Following BERT [27], we prepend a learnable classification embedding \(\boldsymbol{x}_\text{class}\) to the image patch sequence, then the 1D positional embeddings \({\mathbf{E}}_{pos}\) are added to formulate the patch embedding \(\boldsymbol{z}_0\).
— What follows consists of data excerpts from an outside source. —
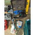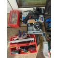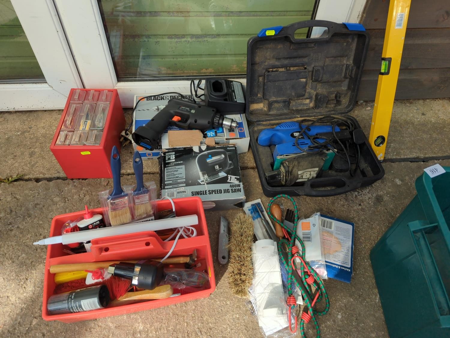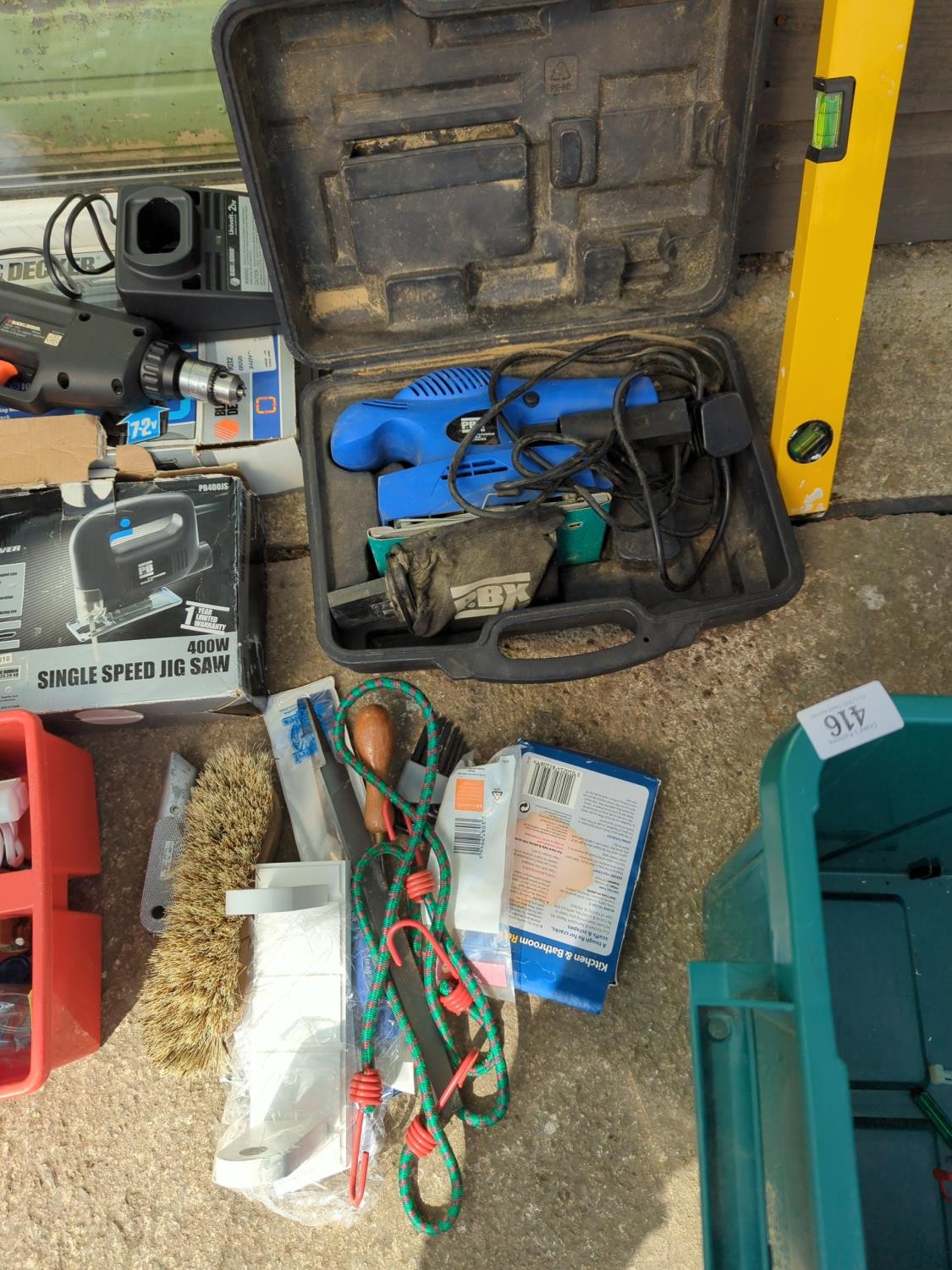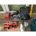 green recycling tub with tool contents, Inc Black & decker cordless hammer drill, Powerbase jigsaw, small 9 drawer unit Etc..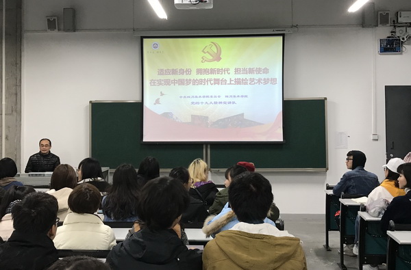 12月6日下午5时,万象城平台党的十九大精神宣讲队队员、建筑艺术系党总支副书记余晖同志,为建筑艺术系2017级全体新生做了题为“适应新身份,拥抱新时代,承担新使命”的十九大精神宣讲报告。至此,建筑艺术系师生实现了十九大精神宣讲学习的全覆盖。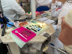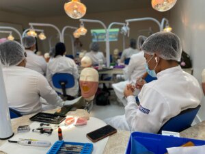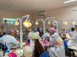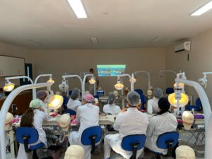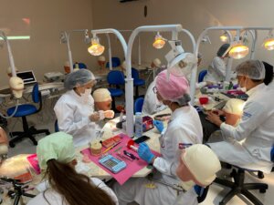 Durante a prática, os alunos aplicaram técnicas que beneficiam tanto o cirurgião-dentista quanto o paciente. Tradicionalmente, a reabilitação dentária era realizada com cerâmica, um método que exigia múltiplas etapas e maior tempo de execução. No entanto, a restauração semidireta se destaca como uma alternativa eficiente, especialmente para pacientes com grande destruição dentária.

The overall pipeline of ViT is shown as follows: \[\begin{align} \boldsymbol{z}_0 = &[ \boldsymbol{x}_\text{class}; \, \boldsymbol{x}^1_p \boldsymbol{E}; \, \boldsymbol{x}^2_p \boldsymbol{E}; \cdots; \, \boldsymbol{x}^{N}_p \boldsymbol{E} ] + \boldsymbol{E}_{pos}, \tag{17} \\ & \boldsymbol{E} \in \mathbb{R}^{(P^2 \cdot C) \times D},\, \boldsymbol{E}_{pos} \in \mathbb{R}^{(N + 1) \times D} \nonumber \\ \boldsymbol{z^\prime}_\ell = &\text{MSA}(\text{LN}(\boldsymbol{z}_{\ell-1})) + \boldsymbol{z}_{\ell-1}, \;\; \ell=1\ldots L \tag{18} \\ \boldsymbol{z}_\ell = &\text{MLP}(\text{LN}(\boldsymbol{z^\prime}_{\ell})) + \boldsymbol{z^\prime}_{\ell}, \;\; \;\; \;\; \ell=1\ldots L \tag{19} \\ \boldsymbol{y} = &\text{LN}(\boldsymbol{z}_L^0) \tag{20} \end{align}\]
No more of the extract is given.